Aiの撮影が終わった時に小野寺技師長がMPRを作ると言っていましたね。

MPRとは multi planer reconstructionの略で任意多断面再構成法と言う意味です。

言葉では何のことか良くわかりませんね。

通常CT検査では体を輪切りにした画像を得ることができます。

CT検査で得られたデータからたくさんの画像を重ねることで輪切り以外の任意の断面で切った画像を得ることができます。

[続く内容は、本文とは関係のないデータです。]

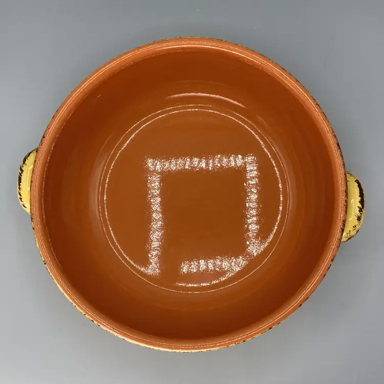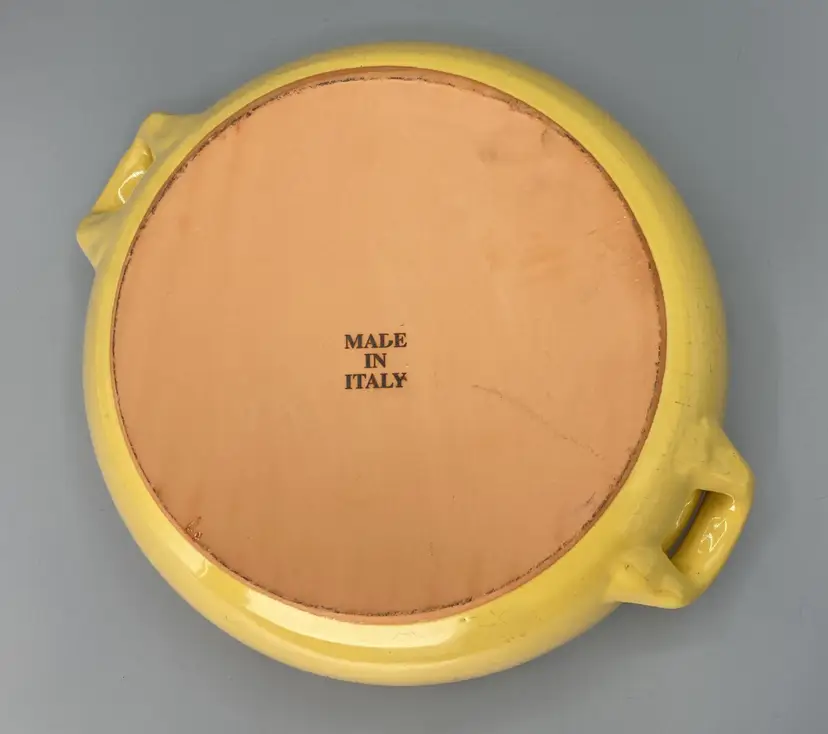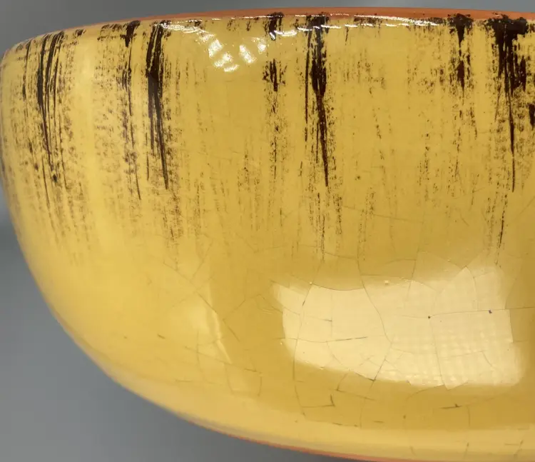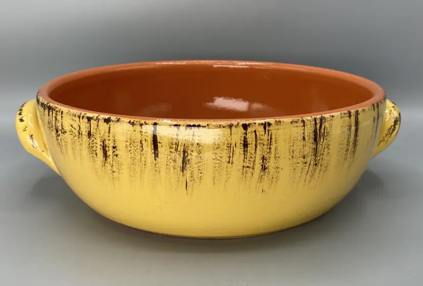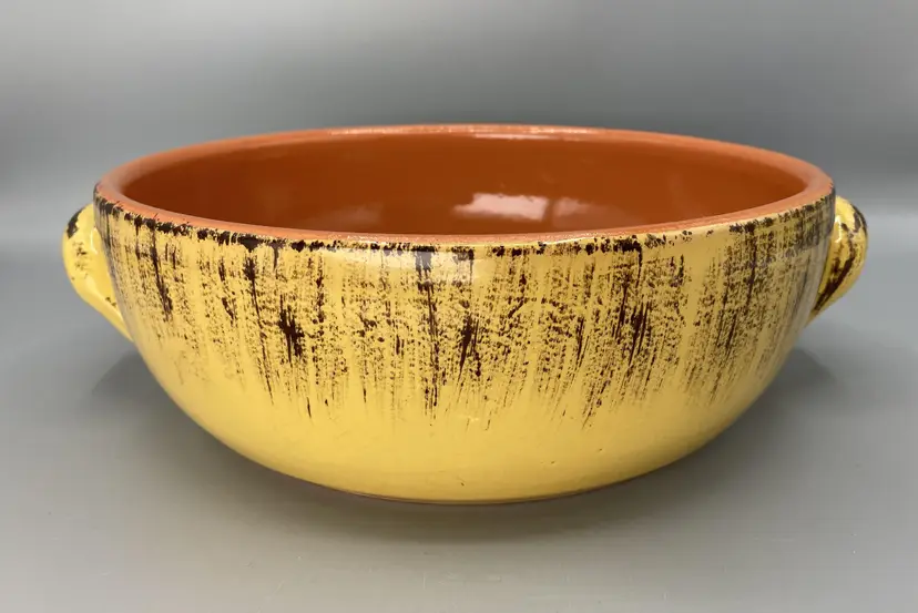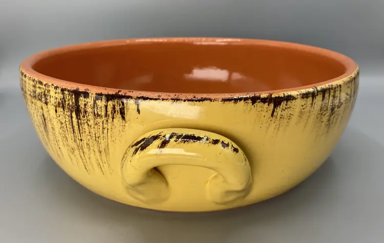This large bowl is in good condition. It does have some wear on the bottom as well as crazing all over. This bowl measures approximately 11 1/2" across - this includes the handles. The bowl itself measures approximately 9 1/2" across and 3 1/2" tall.
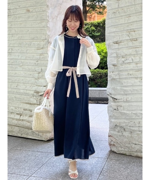 ネイビーにピンクの配色の大人可愛いワンピースです!
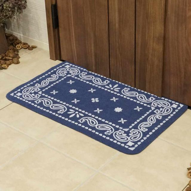 玄関マット 45×75cm ペイズリー ( 玄関 マット 屋外 洗える 泥落とし エントランスマット 薄型 おしゃれ 玄関用品 45cm 75cm 滑り止め 加工 ブルー )
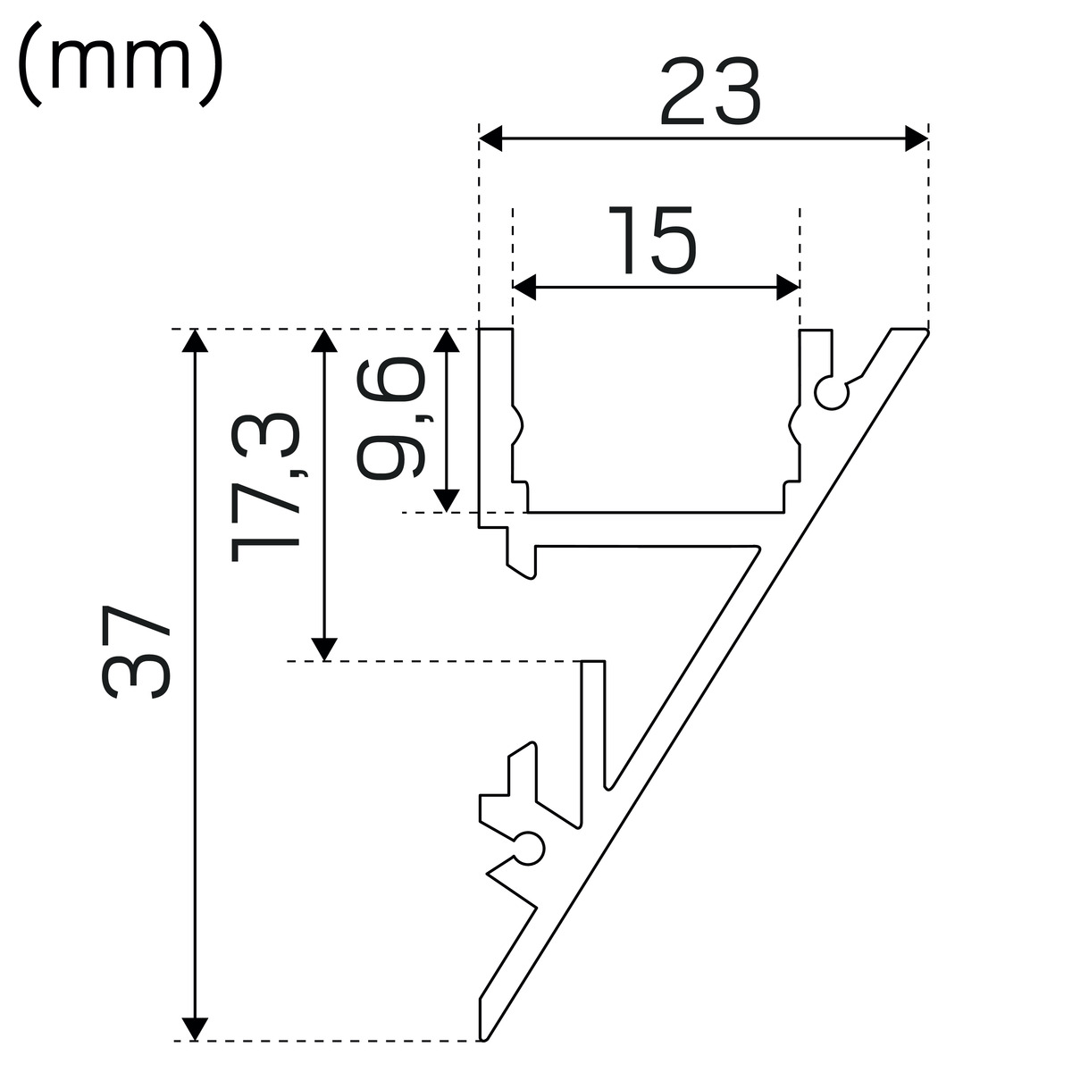 • Kilformad, perfekt för utanpåliggande montage för upp- och nerljus eller hörnmontage
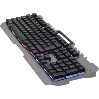 Игровая проводная клавиатура KX-7 имеет металлическую верхнуюю панель, снабженную держателем для мобильного телефона. Прорезиненные ножки предотвращают скольжение клавиатуры по столу. Лазерная гравировка символов позволяет английским и русским символам быть хорошо различимыми в полной темноте. Радужная LED подсветка работает в двух режимах - статичная подсветка и дышащая подсветка.
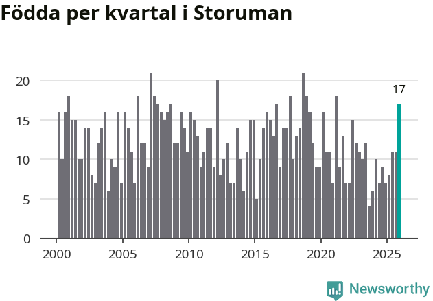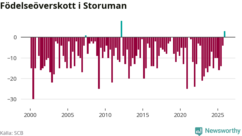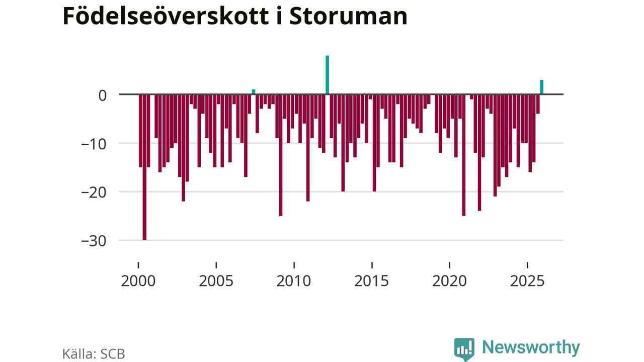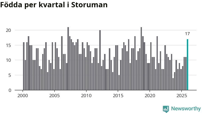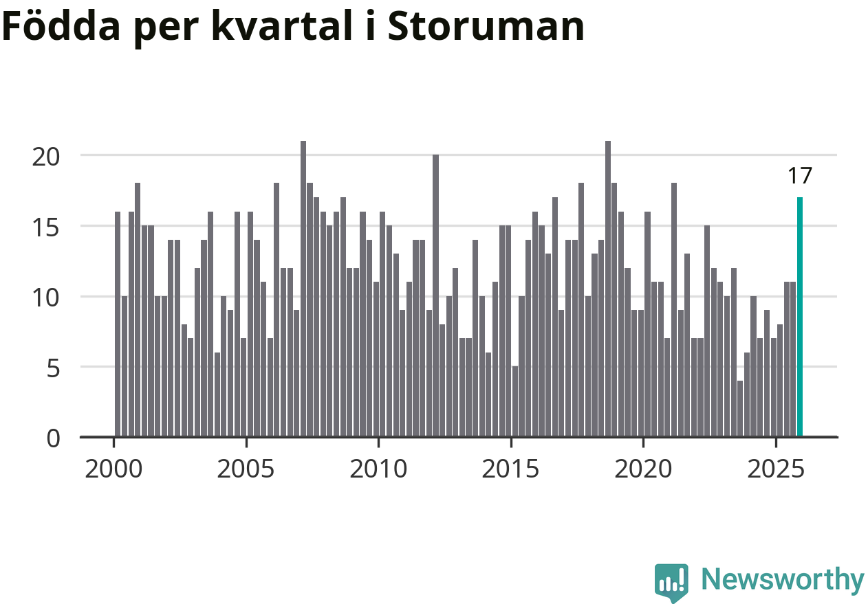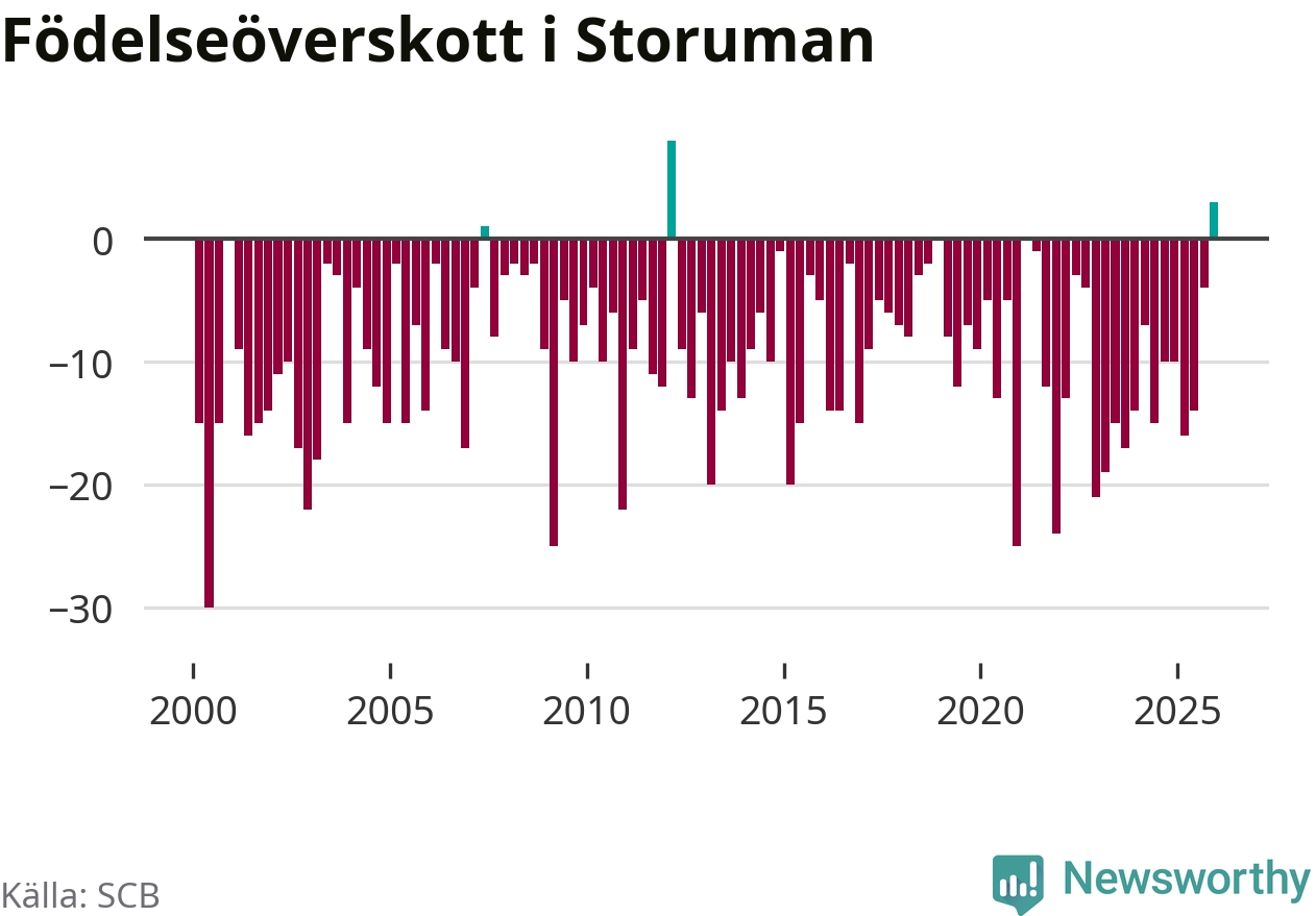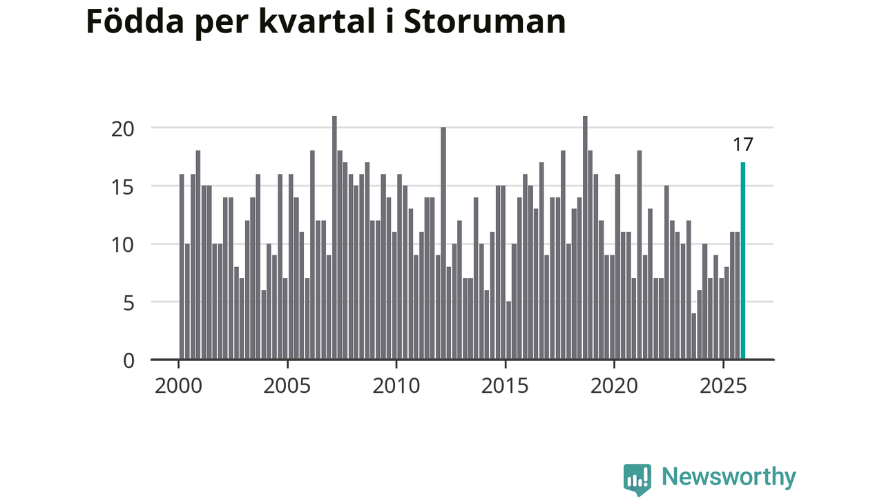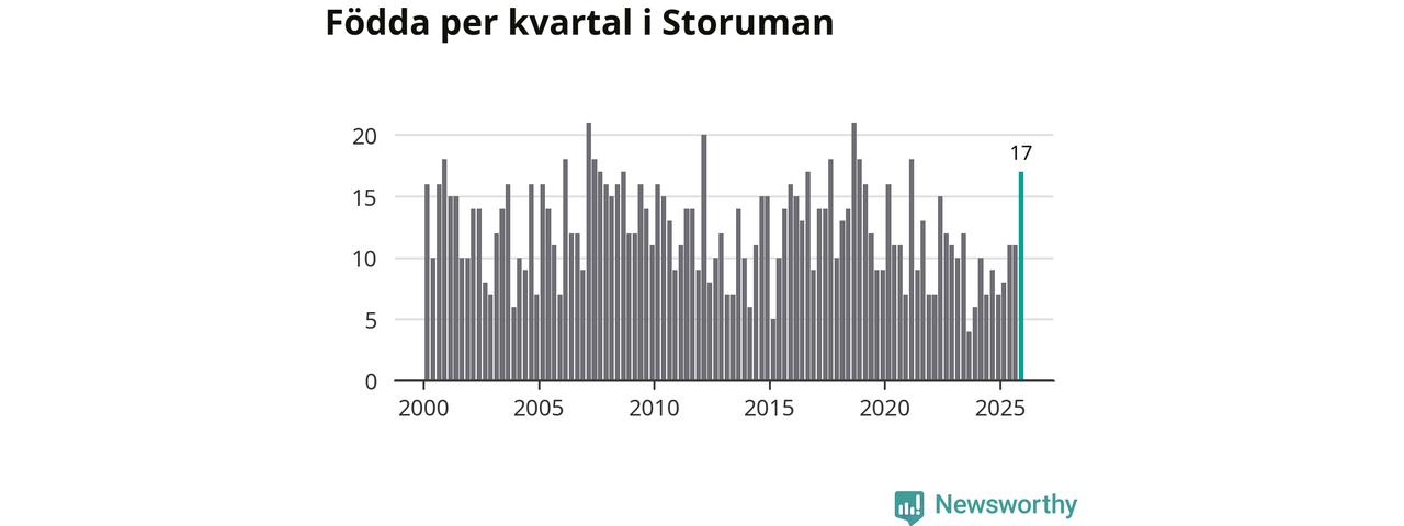 Enligt SCB:s siffror föddes 17 barn i Storuman under det senaste kvartalet, vilket är en relativt hög siffra historiskt sett. Samtidigt avled relativt få – 14 personer. Skillnaden mellan antal födda och döda är så liten att det inte går att säga om det beror på något annat än SCB:s röjandeskydd. Kommunen har nästan alltid haft negativt födelsenetto tidigare.

また、同じように重ねた画像から3Dの画像を作る事もできるのです。

MPRや3Dを作る事で、輪切りだけでは診断できなかった病気を見つける事もできます。

ちなみに、MRIはCTと違い特殊な処理をしなくても任意の断面像を作成することができます。

まとめ

今回のドラマの内容に関しては賛否両論があるでしょうし、完全に五十嵐技師の事件簿になってました。

しかし、Aiがどのようなもので、どのような意義があるかを一般の方に知ってもらう良い機会にはなったと思います。

第3話のデンスブレストや健康診断の「異常なし」の意味もですが、医療従事者としては常識の内容でも一般の方は知らない事が多いです。

今までの医療ドラマと違い、普段触れる事のない医療の知識に触れる事ができる良いドラマだと思います。

診療放射線技師の仕事や医療の事を知ってもらうためにも、今後ともラジエーションハウスを見てください。

次は、ちゃんとした医療ドラマの内容だと思います、たぶん…。